[Source data]
-.-.-
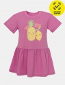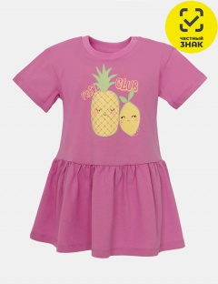 Платье для девочки из мягкого трикотажа. Силуэт расклешенный, подрез в виде юбочки со сборкой, спущенное плечо. Горловина круглая, оформлена кашкорсе. На плече застежка на кнопки. На полочке выполнена шелкография в виде фруктов и надписи - фруктовый клуб.
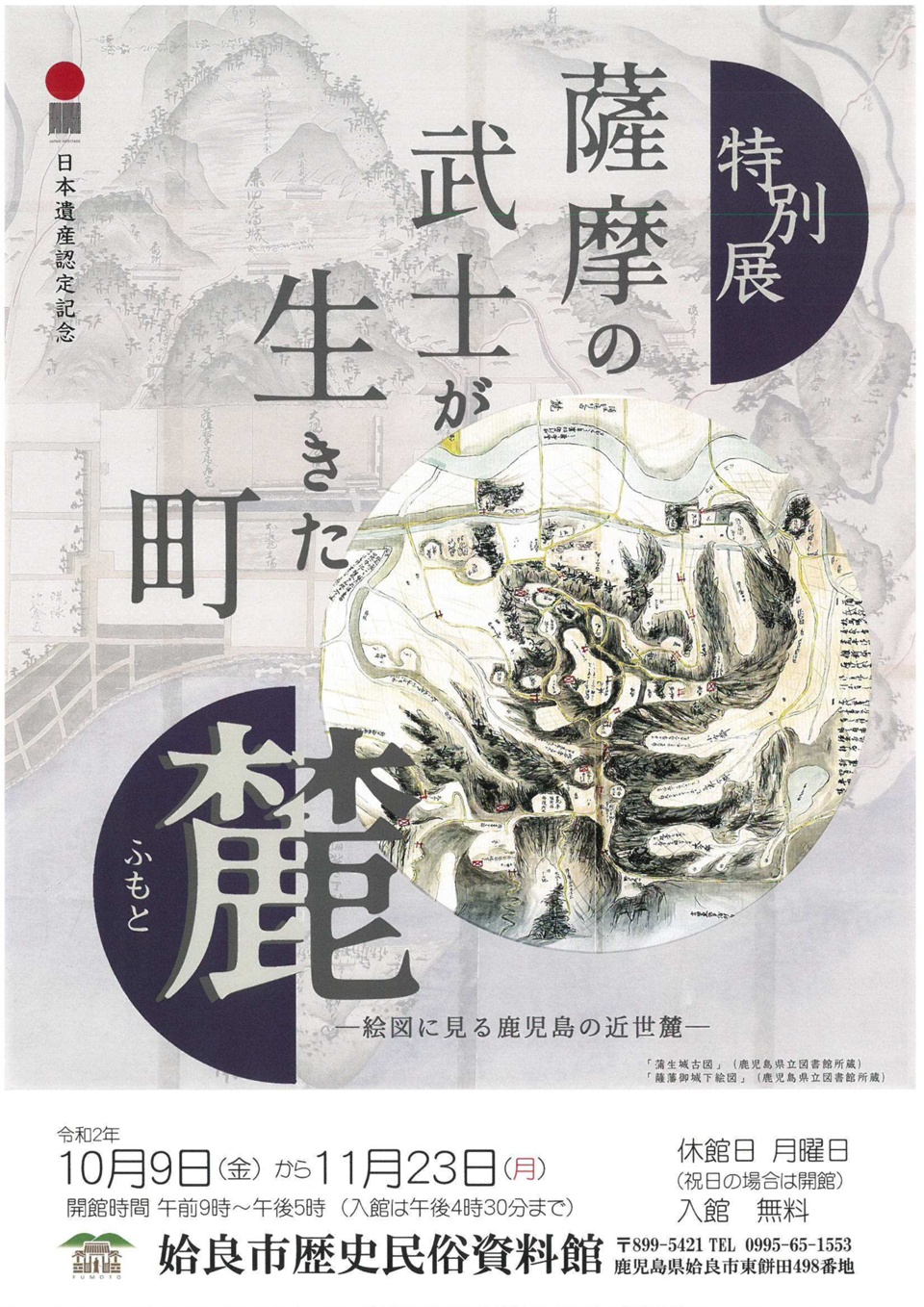 日本遺産認定を記念して、令和2年10月9日(金)から11月23日(月)まで、姶良市歴史民俗資料館にて特別展「薩摩の武士が生きた町 麓 -絵図に見る鹿児島の近世麓ー」が開催されます。詳細につきましては、添付資料を御参照ください。
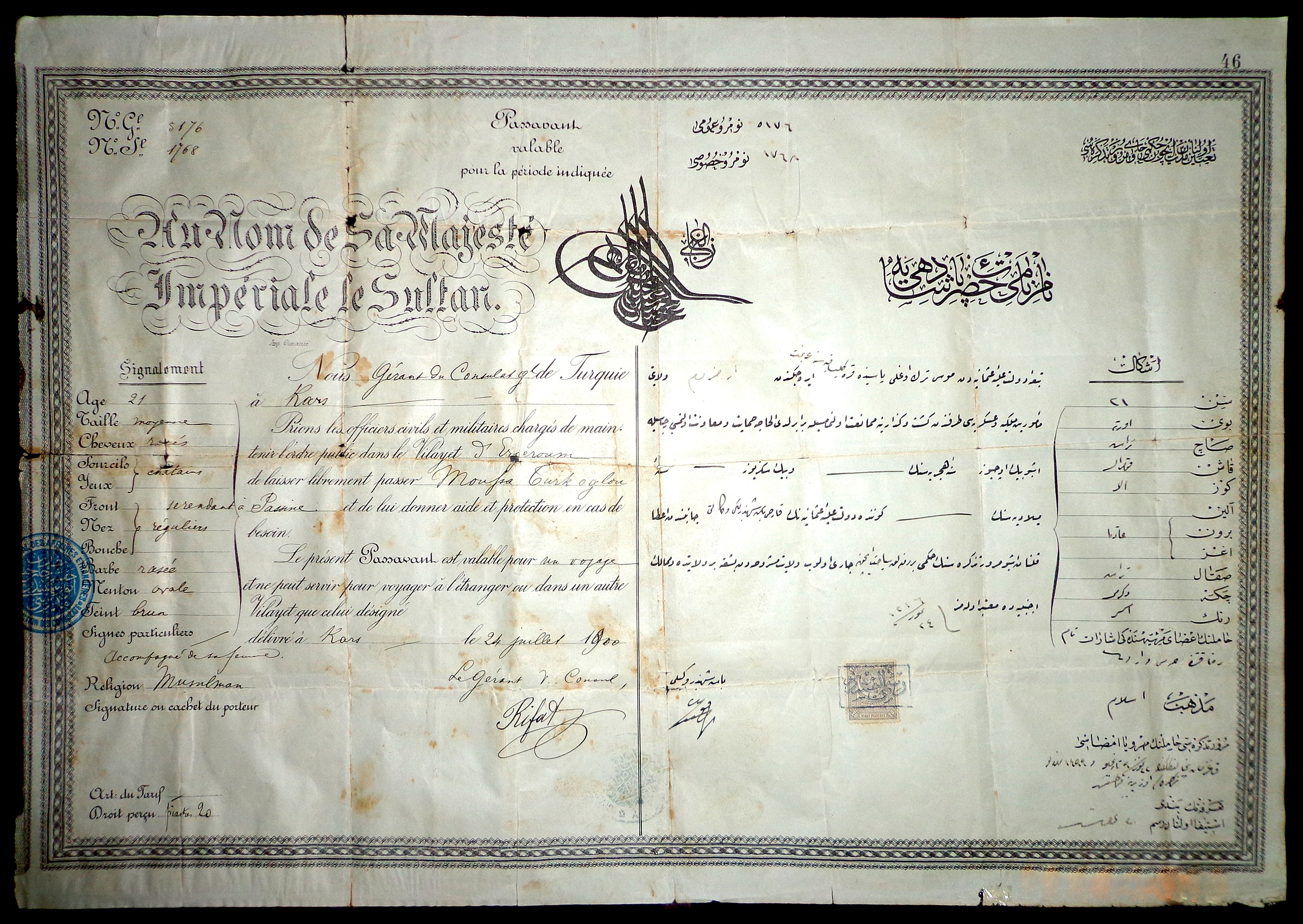 An Ottoman passport (passavant) issued to a Russian subject dated July 24, 1900
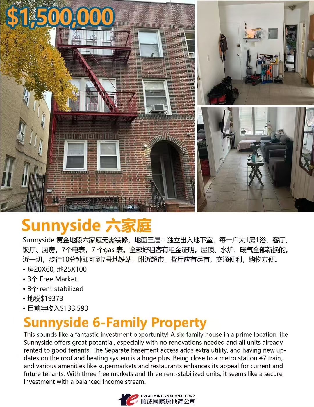 ❤️最新代理,Sunnyside 黄金地段六家庭无需装修,地面三层+ 独立出入地下室,每一户大1房1浴、客厅、饭厅、厨房。7个电表,7 个gas 表。全部好租客有租金证明。屋顶、水炉、暖气全部新换的。❤️近一切,步行10分钟即可到7号地铁站🚇附近超市、餐厅应有尽有,交通便利,购物方便。❤️房20X60, 地25X100❤️3个 Free Market❤️3个 rent stabilized地税$19373
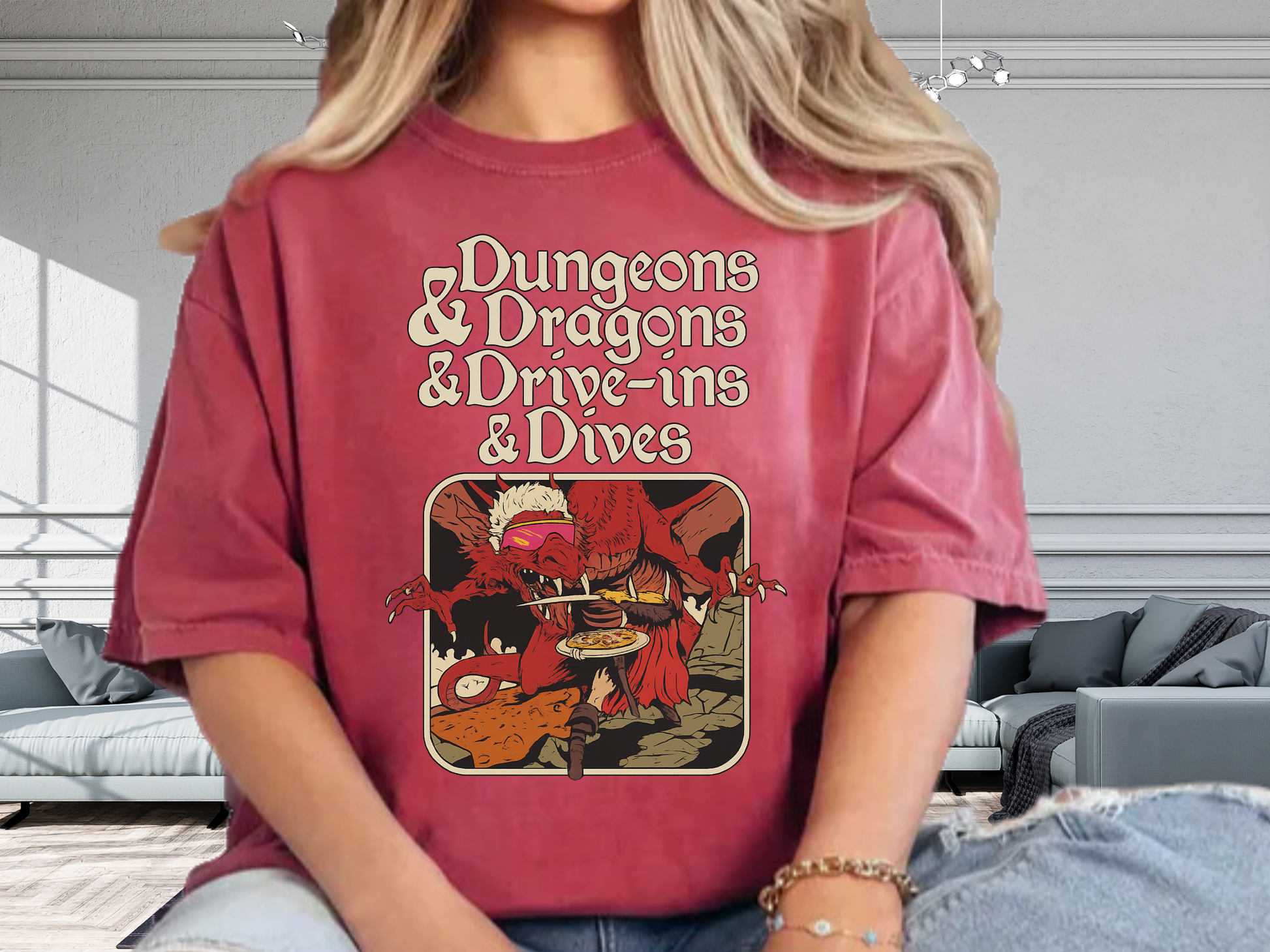 Dungeons and Dragons and Drive Ins and Dives T-Shirt Funny Guy Fieri RPG Mashup Graphic Comfort Colors 1717 Tee
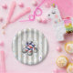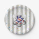Prato De Papel Paper Plates, Gray & White Stripe Barber Pole
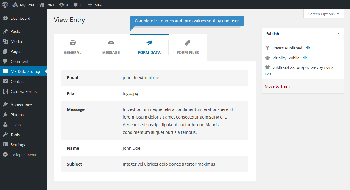 The plugin starts collecting data from contact form submissions immediately after activation – no additional setup from admin is required. All entries are stored based on native WordPress functionality, called Custom Post Type and are available under the dashboard menu item MF Data Storage. Under the above-mentioned menu item the user has the ability to:
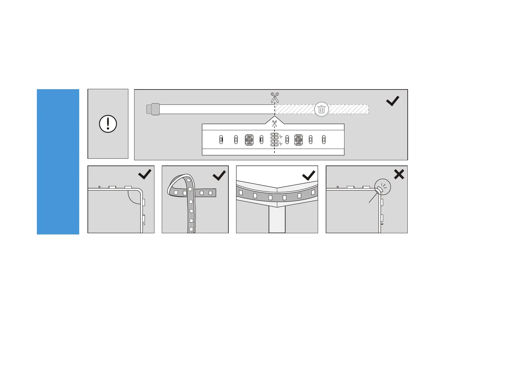 To avoid damaging your light strip, please note the following Installation Tips before installing the light strip.
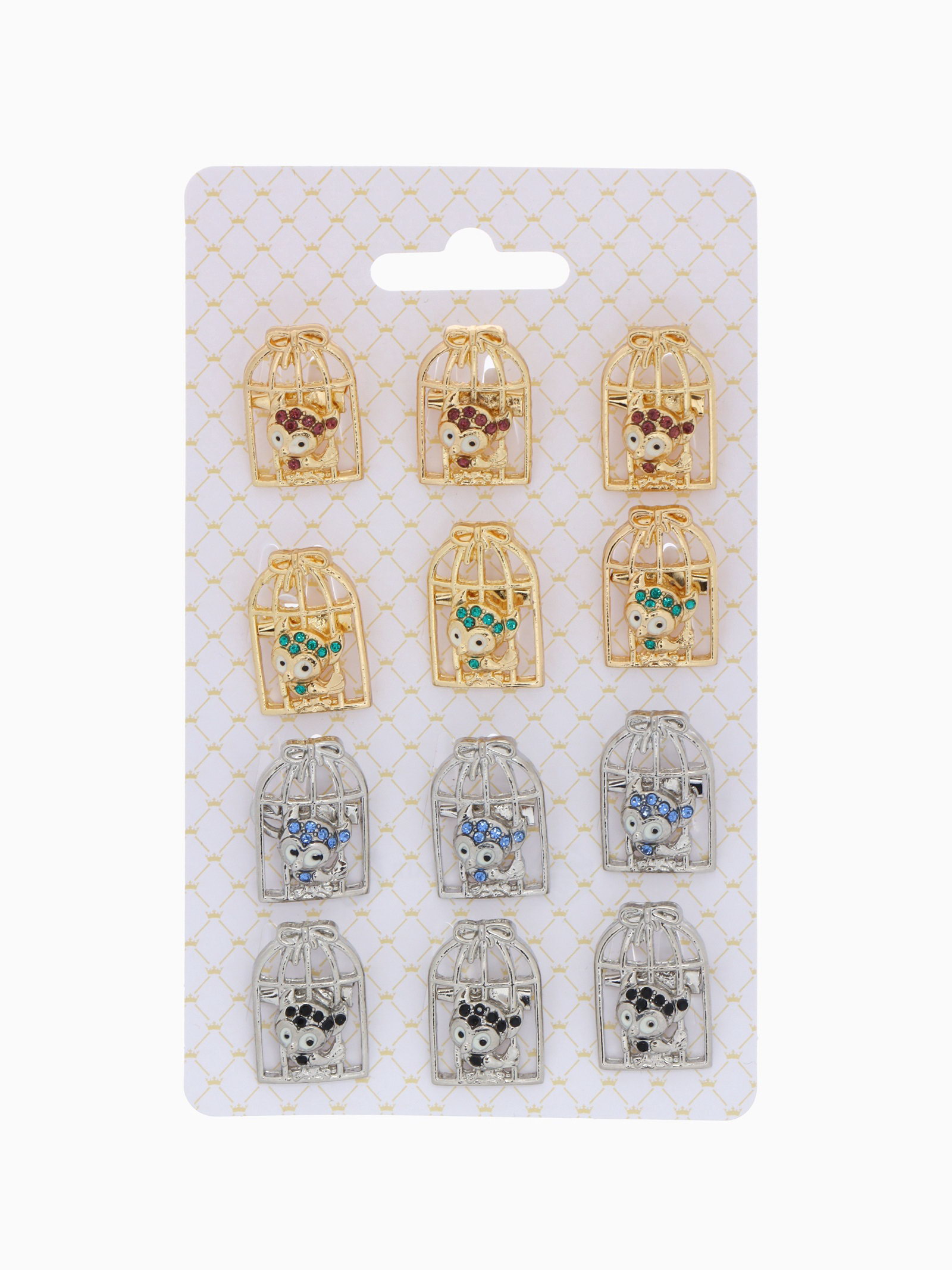 Брошь "Птица" сова в клетке, МИКС, 1.7x2.5x0.5 см., QF, Китай
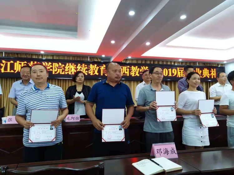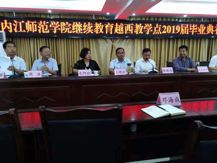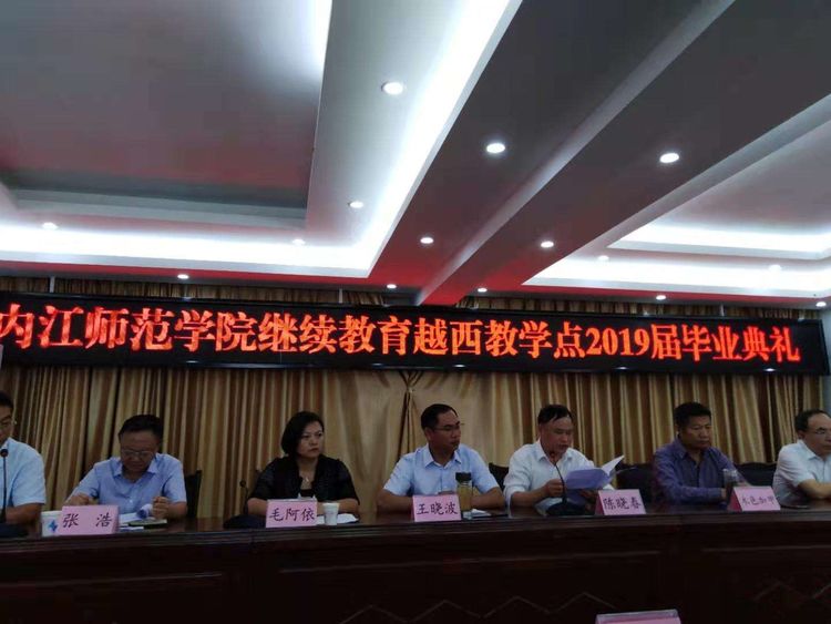 典礼伊始,主席台就坐的领导们为学员们颁发了毕业证书。随后,学生代表孟先林发言,他代表所有学员深深感谢学院、老师的无私付出,表示今后一定加强学习,不断进步,要以优异的工作业绩来报答母校和老师们的培养。越西县政府副县长毛阿依在会上发言,她谨代表越西县委、县政府、教育体育和科学技术局和教育系统的所有工作人员对内江师范学院一行七人的到来表示最热烈的欢迎,充分肯定了师院在越西实施的教育扶贫本科学历免费提升项目对越西教育的促进作用,认为这是“快出人才、出好人才”的重要举措,彰显了师院义不容辞的使命担当,彰显了真情和友情,希望师院增加名额为越西培养出更多的本科生。最后,内江师范学院党委副书记、校长陈晓春发表了热情洋溢的讲话。他强调,为借助高校优势助推贫困地区经济社会发展水平,内江师范学院于2016年开始启动越西县精准扶贫免费学历提升项目,截至到2019年6月30日,师院先后录取4批次越西县(含幼儿园)在职本科学历364人。扶贫先扶智,为全力激发内生动力,真正实现脱贫攻坚,师院将一如既往,力争为越西培养更多的人才。学员们纷纷表示,要感恩母校,感恩教师,加强学习,努力工作,不辜负母校教师的期望。
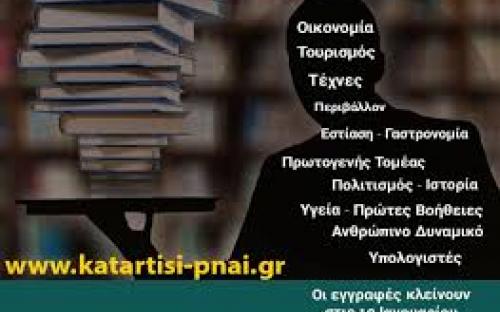 Οι εγγραφές θα γίνονται ηλεκτρονικά μέσω της ιστοσελίδας του ΚΕΚ στη διεύθυνση: www.katartisi-pnai.gr
-.-.-
EXERCISE — For this exercise, return every entry verbatim and omit all pictures.

SOLUTION TO THE PROBLEM —
 Платье для девочки из мягкого трикотажа. Силуэт расклешенный, подрез в виде юбочки со сборкой, спущенное плечо. Горловина круглая, оформлена кашкорсе. На плече застежка на кнопки. На полочке выполнена шелкография в виде фруктов и надписи - фруктовый клуб.
 日本遺産認定を記念して、令和2年10月9日(金)から11月23日(月)まで、姶良市歴史民俗資料館にて特別展「薩摩の武士が生きた町 麓 -絵図に見る鹿児島の近世麓ー」が開催されます。詳細につきましては、添付資料を御参照ください。
 An Ottoman passport (passavant) issued to a Russian subject dated July 24, 1900
 ❤️最新代理,Sunnyside 黄金地段六家庭无需装修,地面三层+ 独立出入地下室,每一户大1房1浴、客厅、饭厅、厨房。7个电表,7 个gas 表。全部好租客有租金证明。屋顶、水炉、暖气全部新换的。❤️近一切,步行10分钟即可到7号地铁站🚇附近超市、餐厅应有尽有,交通便利,购物方便。❤️房20X60, 地25X100❤️3个 Free Market❤️3个 rent stabilized地税$19373
 Dungeons and Dragons and Drive Ins and Dives T-Shirt Funny Guy Fieri RPG Mashup Graphic Comfort Colors 1717 Tee
Prato De Papel Paper Plates, Gray & White Stripe Barber Pole
 The plugin starts collecting data from contact form submissions immediately after activation – no additional setup from admin is required. All entries are stored based on native WordPress functionality, called Custom Post Type and are available under the dashboard menu item MF Data Storage. Under the above-mentioned menu item the user has the ability to:
 To avoid damaging your light strip, please note the following Installation Tips before installing the light strip.
 Брошь "Птица" сова в клетке, МИКС, 1.7x2.5x0.5 см., QF, Китай
 典礼伊始,主席台就坐的领导们为学员们颁发了毕业证书。随后,学生代表孟先林发言,他代表所有学员深深感谢学院、老师的无私付出,表示今后一定加强学习,不断进步,要以优异的工作业绩来报答母校和老师们的培养。越西县政府副县长毛阿依在会上发言,她谨代表越西县委、县政府、教育体育和科学技术局和教育系统的所有工作人员对内江师范学院一行七人的到来表示最热烈的欢迎,充分肯定了师院在越西实施的教育扶贫本科学历免费提升项目对越西教育的促进作用,认为这是“快出人才、出好人才”的重要举措,彰显了师院义不容辞的使命担当,彰显了真情和友情,希望师院增加名额为越西培养出更多的本科生。最后,内江师范学院党委副书记、校长陈晓春发表了热情洋溢的讲话。他强调,为借助高校优势助推贫困地区经济社会发展水平,内江师范学院于2016年开始启动越西县精准扶贫免费学历提升项目,截至到2019年6月30日,师院先后录取4批次越西县(含幼儿园)在职本科学历364人。扶贫先扶智,为全力激发内生动力,真正实现脱贫攻坚,师院将一如既往,力争为越西培养更多的人才。学员们纷纷表示,要感恩母校,感恩教师,加强学习,努力工作,不辜负母校教师的期望。
 Οι εγγραφές θα γίνονται ηλεκτρονικά μέσω της ιστοσελίδας του ΚΕΚ στη διεύθυνση: www.katartisi-pnai.gr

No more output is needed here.